Dragging a Rod - Variation

We pick the flat surface as the basis of our reference frame: the $x$ axis is along the dragging line, the $y$ axis is in the plane perpendicular to the $x$ axis, and the $z$ axis perpendicular to the surface. The components of the weight vector will be $(0, -mg \sin \gamma, -mg \cos \gamma)$ . The $z$ component of the weight is balanced by the surface at the two ends of the rod, distributed evenly between the two support points. Therefore the normal force acting at the free end is $(1/2) mg \cos \gamma$ and the magnitude of the friction force is $(1/2) \mu mg \cos \gamma$ . The $y$ component of the force of gravity acts at the center of the rod, with magnitude $mg \sin \gamma$ .

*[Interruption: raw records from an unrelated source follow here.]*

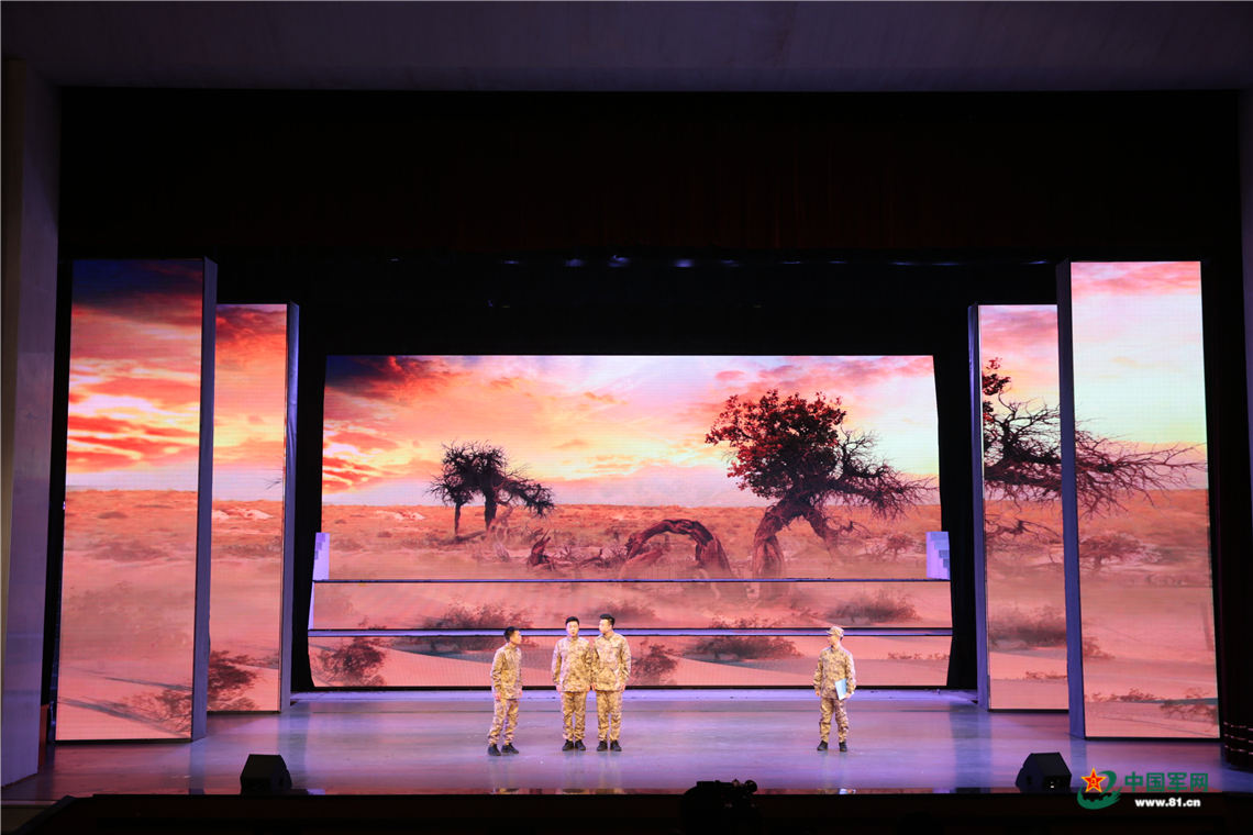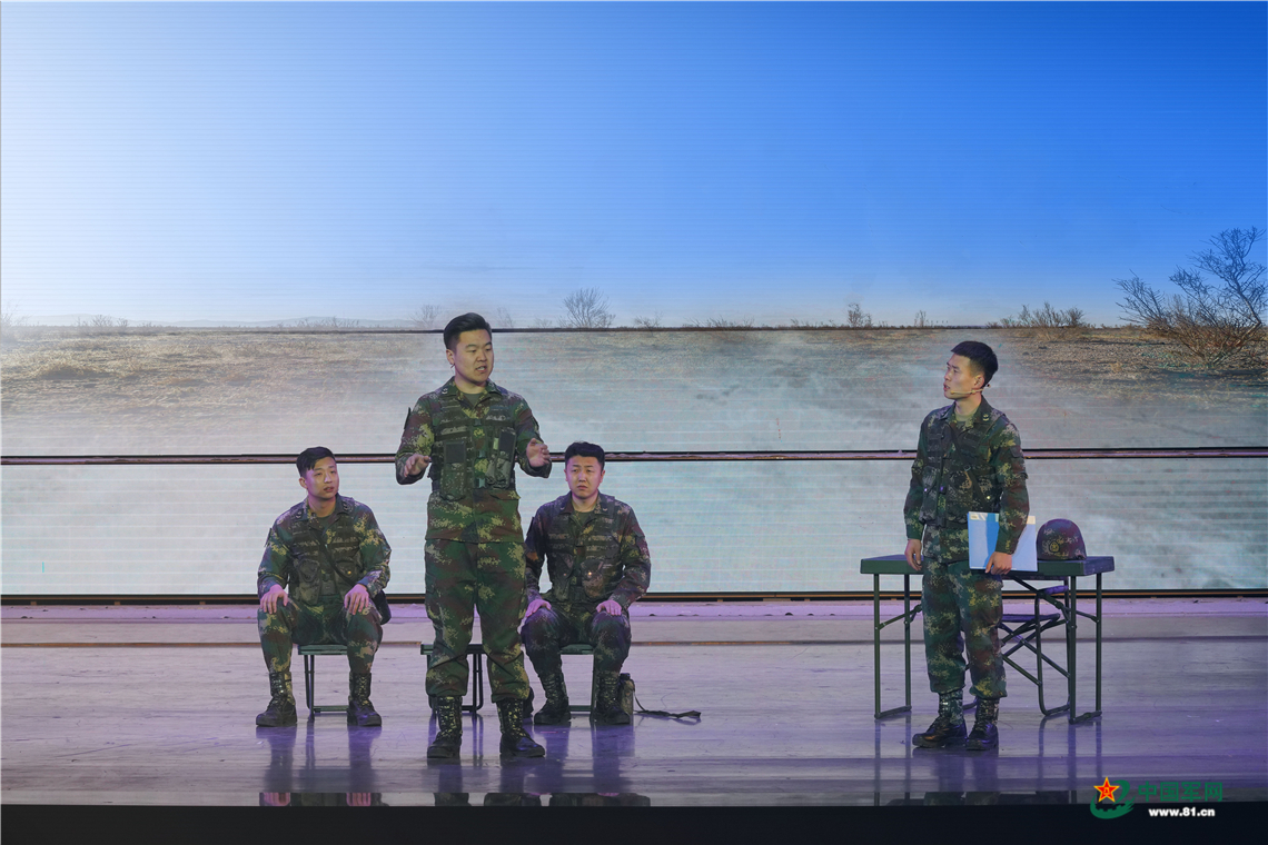 情景剧《心中的胡杨》中指导员对三名战士进行心理疏导。
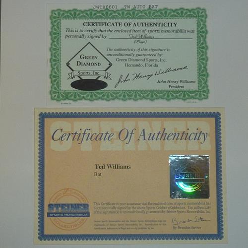 Own a piece of baseball history! This Ted Williams Autographed Louisville Slugger Bat is a must-have for any true fan. The bat features the iconic Green Diamond logo and comes with a certificate of authenticity from Steiner, ensuring its value. Add this rare piece to your collection today!
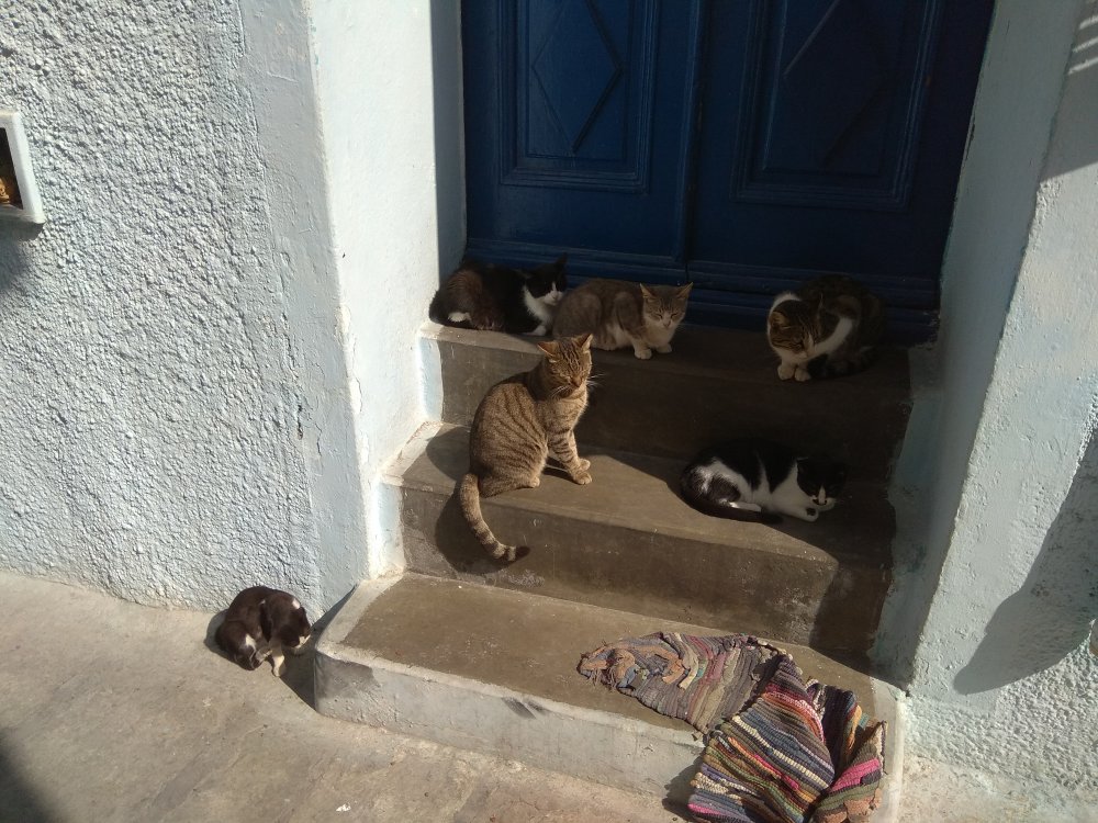 Нашли местную таверну , одни греки , всего 6 столиков , ну и помятуя как скромно и дорого нас на острове покормили , мы заказали с запасом . Когда принесли мы ох..ли . Огромные порции ! Мне даже как то не по себе стало . Ели ели , так и не доели . То есть это на 4 ых смело - 30 евро .
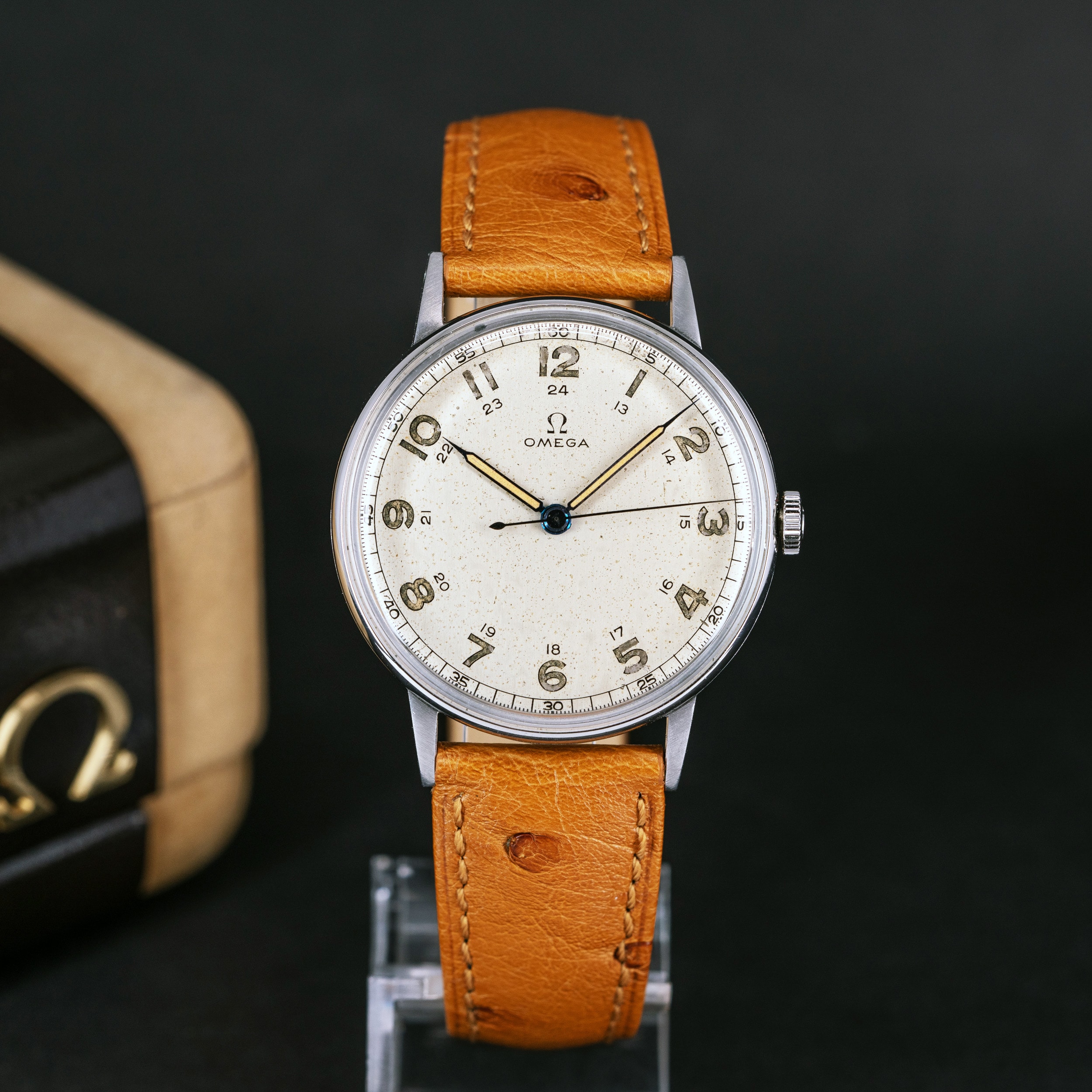Harvinainen ja suurikokoinen Omega CK2325 vuodelta 1943. Kellossa on kauniisti ikääntynyt hopeoitu kellotaulu arabialaisilla numeroilla ja Double-Boy tyyppiset sinistetyt teräs osoittimet. Teräskuori on hyvässä kunnossa. Kuoren halkaisija on 37 mm.
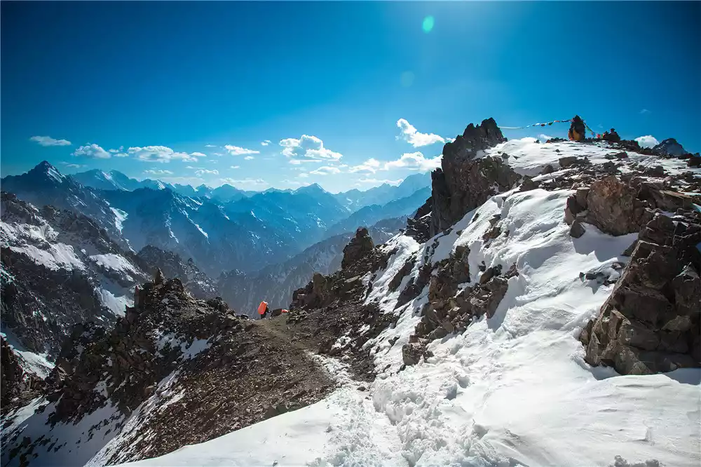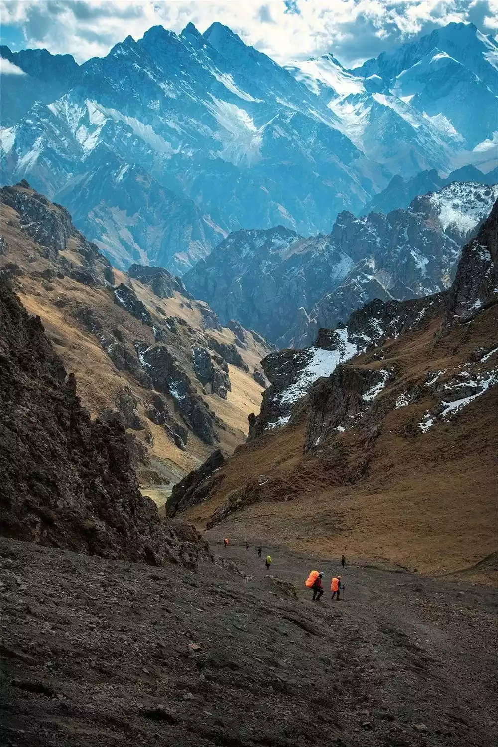 The entire journey is 200 kilometers, crossing 9 passes of nearly 4,000 meters, with a total elevation gain of nearly 10,000 meters, and wading through countless glaciers.

If we are not at the limiting angle and we start to pull the rod, it will rotate either upwards or downwards. At the limiting angle the rod will not rotate at all, and therefore the top is moving parallel to the bottom. The friction force will point to the negative $x$ direction. If there is no rotation, the net torque acting on the rod must be zero. It is best to select the pulled end as the axis of rotation, and we get for the torque:

$(\frac{1}{2}\mu mg \cos \gamma) (\ell \sin \alpha) = (mg \sin \gamma )(\frac {\ell}{2} \cos \alpha)$

Where $\ell$ is the length of the rod. The solution is

$\tan \alpha = \frac {1}{\mu} \tan \gamma$

Notes:

1. It is easy to see that dragging at the critical angle is not a stable situation. Any deviation from the angle will lead to a torque that increases the deviation.

2. When setting up this problem one has to be careful not to make a surface too steep. If $\alpha> \tan^{-1}\mu$ , the whole set up is unstable.

3. Independent of the starting conditions, the rod will end up behind the pulled end, leaning downwards by the critical angle.